Since 2005 the Santa Cruz, California trio Mammatus have been churning out some seriously mind-melting psych and stoner rock. From the Holy Mountain-released Mammatus in 2006 and The Coast Explodes in 2007, to the Spiritual Pajamas-released Heady Mental in 2013, Nicholas Emmert, Chris Freels, and Aaron Emmert have explored everything from expansive, dreamy realms, to psych freakouts, and serious guitar shredding. While they may tread similar musical waters as fellow West Coast psych bands like Earthless and Eternal Tapestry, it would be a mistake to label them and just move on. With Mammatus’ newest album Sparkling Waters, they have made a huge leap artistically. There will be no pigeonholing this band and their sound any longer. Shimmering ambient synth textures interplay with proggy psychedelic jams, while epic long form songs ebb and flow through various movements and moods. It’s a stunning work that stands as Mammatus’ absolute best record yet.
“Sparkling Waters Part One” and “Sparkling Waters Part Two” are what begins this musical journey and they are expansive feats in musical soundscapes.

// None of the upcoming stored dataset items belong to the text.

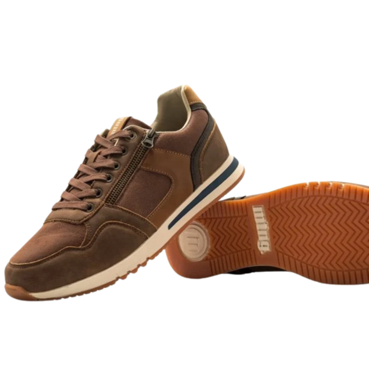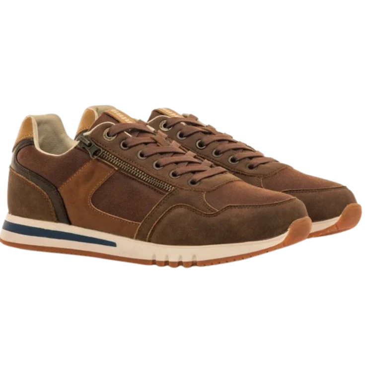 La zapatilla deportiva Buner Cuero combina estilo urbano y funcionalidad para el hombre que busca un calzado versátil. Con acabado en tono cuero cálido, paneles de textura variable y suela de goma alzada, este modelo ofrece presencia visual sin renunciar a la comodidad.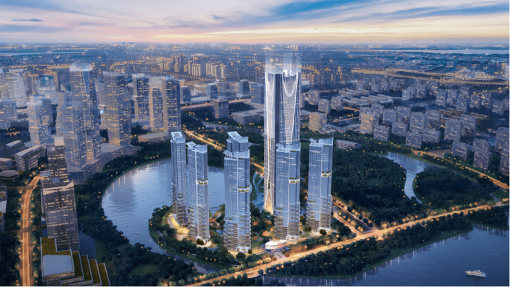 丰隆海纹中心是由新加坡城市发展集团(CDL)在苏州高铁新城打造的超高层地标综合体项目,位于相城区高铁新城水景路西、富翔路南核心区域。 项目总占地面积约51691㎡,总建筑面积约39万㎡,容积率5.0,规划包含一栋250米超高层建筑、1栋商办楼和6栋44-45层高端住宅,总投资约30亿元人民币,预计2029年初竣工。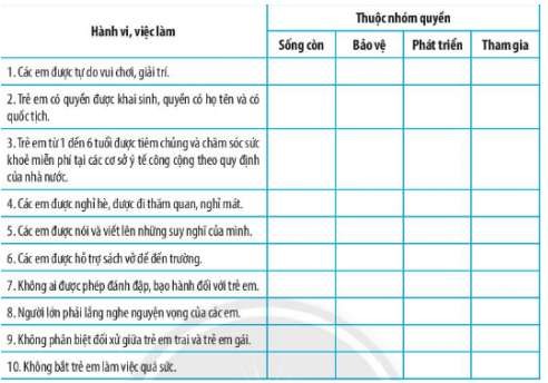 Học sinh đọc các hành vi, việc làm và đánh dấu X vào các nhóm quyền tương ứng (quyền sống còn, quyền bảo vệ, quyền phát triển, quyền tham gia)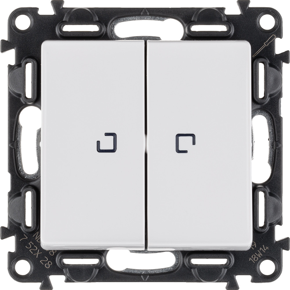 Valena LIFE.Выключатель двухклавишный 10АХ 250В с подсветкой.С лицевой панелью.Белый (Legrand/Daccord) 752428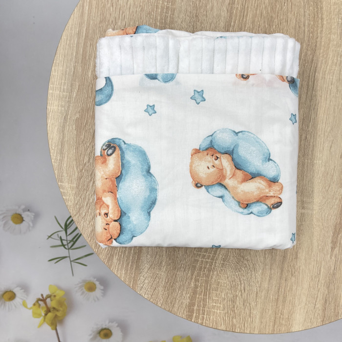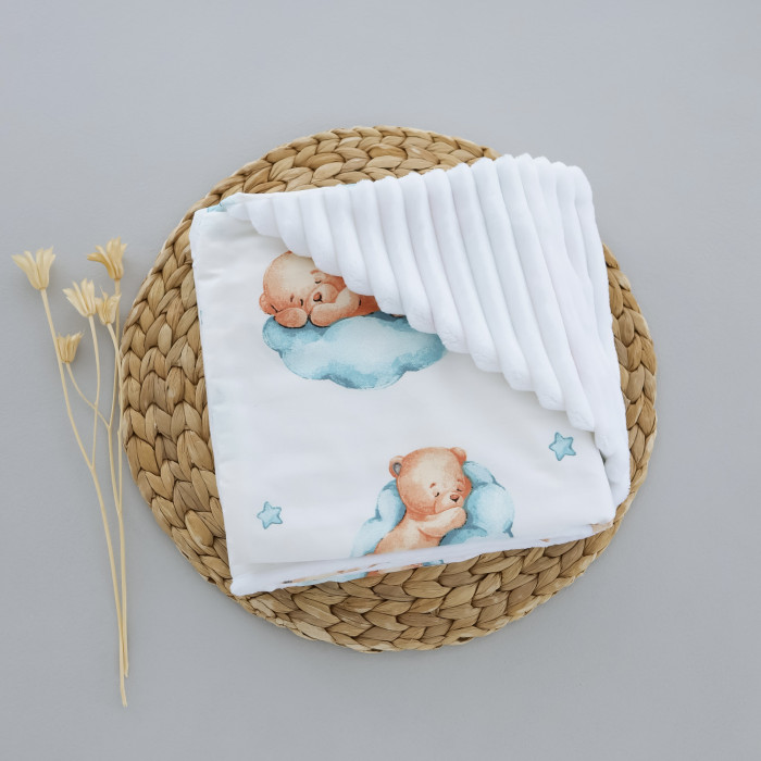 Плед плюш, без утеплення Ведмедик на хмаринці Бірюзовий /Білий плюш 100/80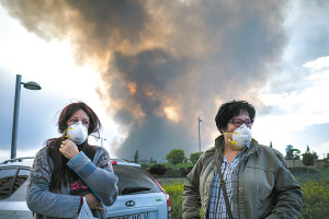 5月13日,在西班牙马德里南部塞塞尼亚,人们戴着口罩在浓烟前等待与亲人一同撤离。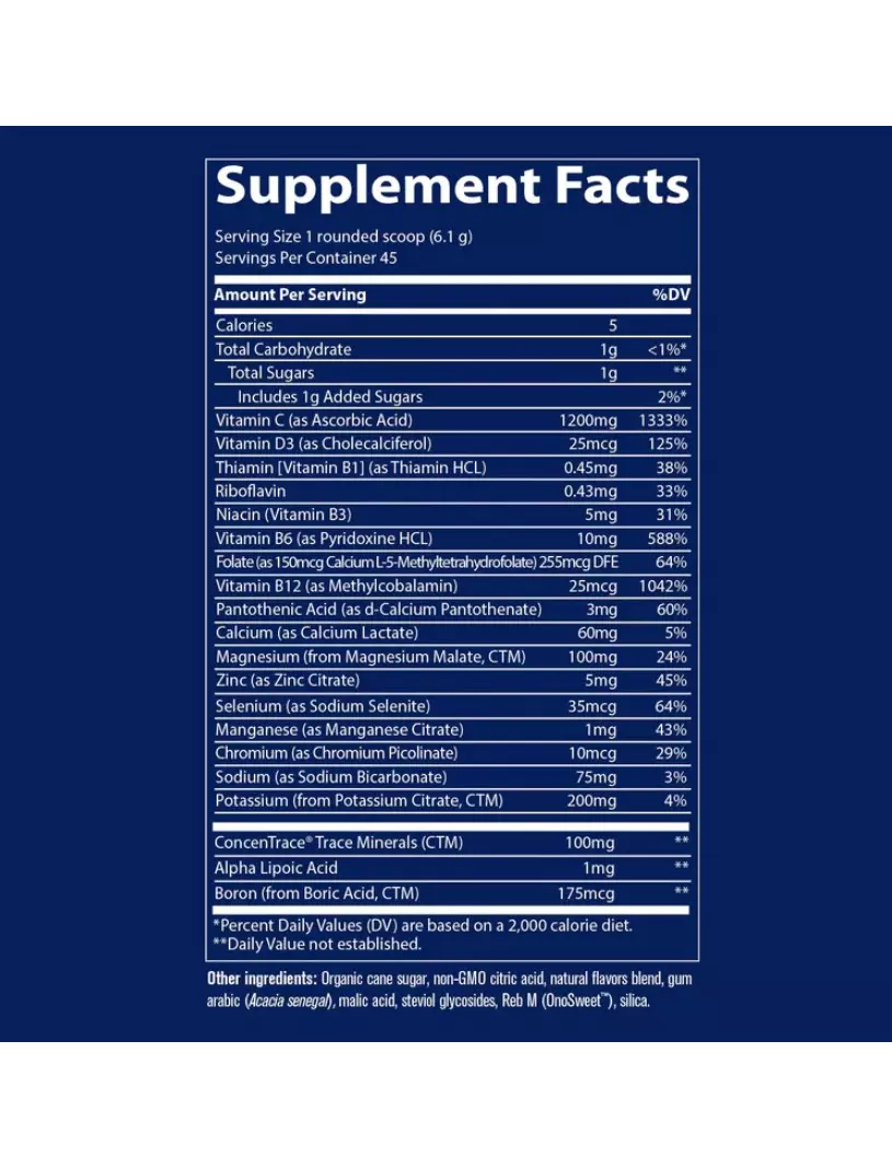 PowerPak зі смаком ягід асаї від Trace Minerals – це порошкова суміш для шипучих напоїв з електролітами та натуральним смаком, яка наповнює ваш щоденний раціон поживними речовинами та електролітами. Кожна порція містить 1200 мг вітаміну С, а також необхідні поживні речовини, такі як марганець, селен, цинк, вітаміни Д3, Б6, Б12 та повний спектр іонних мікроелементів. Чудовий варіант для всієї родини.

What I mean is that they’re pretty incredible. Both tracks together would constitute an LP, as together they clock in just over 42 minutes. The point of an album like Sparkling Waters isn’t to get to some specific point. What Mammatus is doing here is they’re taking us on a journey. While still very much a rock and roll band, there’s a more cinematic approach to their sound. “Sparkling Waters Part One” has touches of more ambient/post-rock bands like This Will Destroy You and Mono. In fact the first five minutes you feel you’re being swept up in some existential bright light before things are brought back down to earth with the three-piece rock outfit we know so well. The song takes a turn for the heavier as drums, guitar, bass, and spaced-out synths swirl together in some cosmic musical tension. The track goes back to spatial light and towering clouds before kicking into some driving rhythms and some impressive guitar work towards the end. “Sparkling Waters Part Two” feels more menacing at first. Sub-level synths mesh with a slowly evolving bass line to create tension before cosmic noise and melodic synth strings bring the song slowly out of the darkness. It sounds like the dawn erupting on some distant planet. Like the Lucifer Rising S/T performed by Jean Michel Carre. Total space-y vibe and it’s absolutely amazing. Pretty soon guitars and drums break the zone out vibe, but not in a Black Sabbath kind of way. It’s all very uplifting. Upbeat, even. Some d-tuned guitar, bass, and drums take us to the end of this journey.
“The Elkhorn” feels like the beginning of something new on Sparkling Waters. While side one and two are dedicated to a “Sparkling Waters” suite of sorts, “The Elkhorn” is pure driving fuzzed-out rock. Intricate guitar makes its way through a more than solid rhythm section. This track tips its hat to The Coast Explodes and Heady Mental with it’s stoner rock riffage, but then the track shoots into the cosmos with some synthesizer atmospherics. A back and forth between spatial and dream-like to crushing guitar fades out into an ending that’s reminscent of the synth-heavy band Night Flights, which is Carlton Melton’s Rich Millman(Sparkling Waters is produced by none other than Phil Manley who works with Carlton Melton quite a bit.) “Ornia” closes the album as a culmination of everything that came before it. Chugging guitars, big rhythm section, and icy synth textures fade in and out before an almost late-60s psych/garage freak out towards the end.
Sparkling Waters is an album of progression. It’s Mammatus moving forward and exploring more delicate and refined territory, while never extinguishing that rock and roll fire they started a decade ago. Nicholas Emmert, Chris Freels, and Aaron Emmert continue to push the boundaries of heavy rock, and if you listen close enough they may even push the boundaries of your mind. Put on some headphones and drop the needle on Sparkling Waters.